### REQUIRED ACTION
Everything in the listing below from the line containing "El clásico sabor" through the line containing "The gene and" must be repeated exactly; the remaining lines are not wanted.

### SUPPLIED DATA
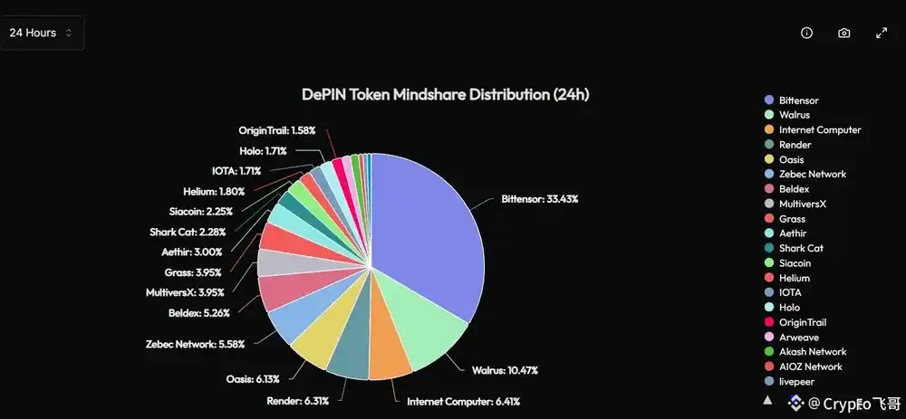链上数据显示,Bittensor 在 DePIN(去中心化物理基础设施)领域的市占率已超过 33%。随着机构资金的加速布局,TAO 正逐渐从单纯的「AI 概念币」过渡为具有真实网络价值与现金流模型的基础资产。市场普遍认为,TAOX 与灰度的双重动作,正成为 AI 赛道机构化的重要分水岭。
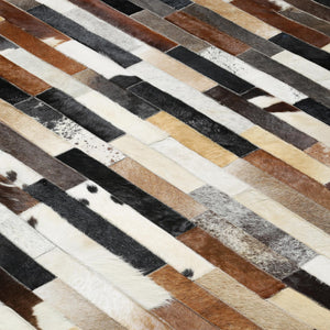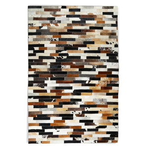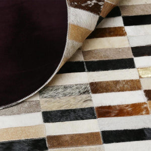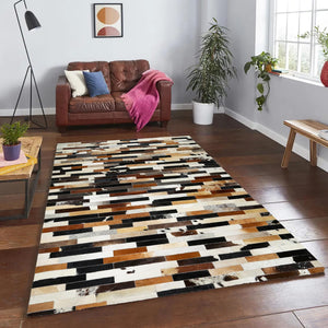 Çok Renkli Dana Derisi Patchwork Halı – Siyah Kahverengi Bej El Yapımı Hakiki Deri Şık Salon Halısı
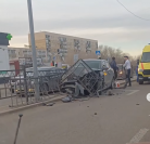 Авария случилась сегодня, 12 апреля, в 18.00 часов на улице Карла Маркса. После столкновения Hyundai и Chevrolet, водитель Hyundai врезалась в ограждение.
--
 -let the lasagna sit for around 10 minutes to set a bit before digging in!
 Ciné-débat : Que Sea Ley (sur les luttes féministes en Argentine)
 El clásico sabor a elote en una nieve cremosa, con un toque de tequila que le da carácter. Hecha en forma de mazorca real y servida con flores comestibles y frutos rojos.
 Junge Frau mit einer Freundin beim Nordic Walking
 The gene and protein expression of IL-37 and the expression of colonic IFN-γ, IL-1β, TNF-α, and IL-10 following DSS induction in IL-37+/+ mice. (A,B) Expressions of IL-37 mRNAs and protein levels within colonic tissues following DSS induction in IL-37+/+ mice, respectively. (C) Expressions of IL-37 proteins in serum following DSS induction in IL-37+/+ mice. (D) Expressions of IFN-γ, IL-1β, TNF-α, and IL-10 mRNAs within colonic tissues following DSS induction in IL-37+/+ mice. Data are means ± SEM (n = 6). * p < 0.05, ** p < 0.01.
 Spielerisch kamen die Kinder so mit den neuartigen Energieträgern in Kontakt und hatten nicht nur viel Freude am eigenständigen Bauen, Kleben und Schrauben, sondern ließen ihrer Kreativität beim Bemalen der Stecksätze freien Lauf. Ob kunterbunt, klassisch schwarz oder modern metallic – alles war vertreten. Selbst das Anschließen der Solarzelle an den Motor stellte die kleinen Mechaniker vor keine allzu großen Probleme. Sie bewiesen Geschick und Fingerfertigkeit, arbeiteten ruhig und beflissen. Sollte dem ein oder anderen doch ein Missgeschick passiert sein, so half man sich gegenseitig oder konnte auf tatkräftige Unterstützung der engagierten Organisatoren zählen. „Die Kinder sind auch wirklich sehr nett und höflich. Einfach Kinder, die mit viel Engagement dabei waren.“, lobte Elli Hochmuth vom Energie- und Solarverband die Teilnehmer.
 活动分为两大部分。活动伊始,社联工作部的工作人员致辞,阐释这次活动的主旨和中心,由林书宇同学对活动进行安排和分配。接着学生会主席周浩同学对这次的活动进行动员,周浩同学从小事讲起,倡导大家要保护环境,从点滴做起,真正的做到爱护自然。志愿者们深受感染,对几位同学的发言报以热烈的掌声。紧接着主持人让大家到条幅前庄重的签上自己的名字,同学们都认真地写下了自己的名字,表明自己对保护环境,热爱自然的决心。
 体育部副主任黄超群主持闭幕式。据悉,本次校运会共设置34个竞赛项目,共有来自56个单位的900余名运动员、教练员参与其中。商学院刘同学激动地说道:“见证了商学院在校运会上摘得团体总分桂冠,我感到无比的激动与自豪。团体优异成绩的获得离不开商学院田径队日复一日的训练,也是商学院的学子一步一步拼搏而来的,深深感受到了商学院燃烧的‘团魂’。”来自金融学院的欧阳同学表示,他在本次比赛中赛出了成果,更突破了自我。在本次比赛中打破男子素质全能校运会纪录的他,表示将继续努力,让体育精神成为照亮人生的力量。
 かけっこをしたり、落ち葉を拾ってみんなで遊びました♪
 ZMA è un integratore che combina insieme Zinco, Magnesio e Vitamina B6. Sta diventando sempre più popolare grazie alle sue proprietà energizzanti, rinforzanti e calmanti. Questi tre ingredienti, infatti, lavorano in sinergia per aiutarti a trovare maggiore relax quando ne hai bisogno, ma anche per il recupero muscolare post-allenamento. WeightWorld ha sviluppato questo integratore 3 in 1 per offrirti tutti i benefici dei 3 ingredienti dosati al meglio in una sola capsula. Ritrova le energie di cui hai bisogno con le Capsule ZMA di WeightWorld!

### COMPLETED TASK
 El clásico sabor a elote en una nieve cremosa, con un toque de tequila que le da carácter. Hecha en forma de mazorca real y servida con flores comestibles y frutos rojos.
 Junge Frau mit einer Freundin beim Nordic Walking
 The gene and protein expression of IL-37 and the expression of colonic IFN-γ, IL-1β, TNF-α, and IL-10 following DSS induction in IL-37+/+ mice. (A,B) Expressions of IL-37 mRNAs and protein levels within colonic tissues following DSS induction in IL-37+/+ mice, respectively. (C) Expressions of IL-37 proteins in serum following DSS induction in IL-37+/+ mice. (D) Expressions of IFN-γ, IL-1β, TNF-α, and IL-10 mRNAs within colonic tissues following DSS induction in IL-37+/+ mice. Data are means ± SEM (n = 6). * p < 0.05, ** p < 0.01.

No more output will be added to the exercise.